Le champ des SHS se réfère ainsi à : la sociologie, l’anthropologie culturelle, l’ethnologie, l’économie, l’histoire, la
géographie humaine, les sciences politiques, la démographie, la psychologie, la linguistique, les sciences de la
communication, la philosophie, le droit, les sciences de l’éducation.
Le présent document se consacre plus particulièrement aux approches de la sociologie, de l’anthropologie
culturelle et de l’ethnologie appliquées au champ de l’environnement, simplifiées sous l’appellation « socio-
anthropologie de l’environnement », qui néanmoins intègre des aspects relevant des sciences politiques… elles-
mêmes s’intéressant de près aux « logiques sociales à l’œuvre dans la vie politique ».

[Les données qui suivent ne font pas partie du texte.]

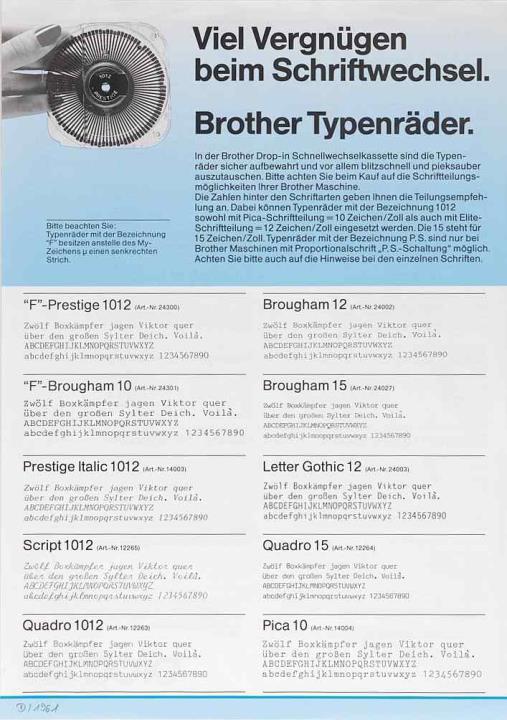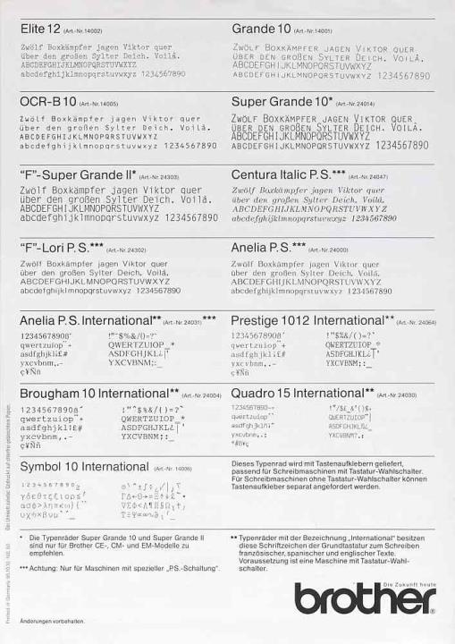 Schrifttypenprospekt für Schreibmaschine Brother Nr. 95.10.10 NIE 50

Les apports de la dimension sociale de l’eau
Des retards dans le développement des projets écologiques, des situations de blocages, des zones d’ombres,
mais aussi des opportunités, des vecteurs de mobilisation à ne pas manquer, et tout simplement des spécificités
territoriales à intégrer dans toute démarche environnementale… Voilà non pas tout le poids du social, mais la
mise en évidence d’une nécessaire prise en considération des contraintes et potentialités territoriales qui, d’une
manière ou d’une autre, influeront sur la mise en œuvre des politiques de l’eau.
Observer les dynamiques sociales et les multiples interconnexions entre des politiques environnementales, des
communautés et des sociétés peut contribuer à :
Eclairer la prise de décision, quelle que soit sa nature, par une vision affinée des composantes territoriales et
sociales en lien direct ou indirect avec les enjeux de l’eau.
Enrichir la pratique de l’ingénierie environnementale par l’ouverture du champ des compétences, s’orienter sur
une posture transversale capable de proposer des alternatives aux seules solutions techniques.
Se donner les moyens de répondre aux exigences de démocratie participative, en identifiant précisément les
publics concernés, leurs profils, leur positionnement et leurs motivations, et en proposant des dispositifs et des
argumentaires adaptés à engager le dialogue avec les décideurs, les représentants institutionnels, les usagers
socioprofessionnels, les citoyens.
Construire des référentiels d’évaluation des programmes pour en mesurer et qualifier l’efficacité mais aussi,
plus largement, s’interroger sur leur utilité sociale.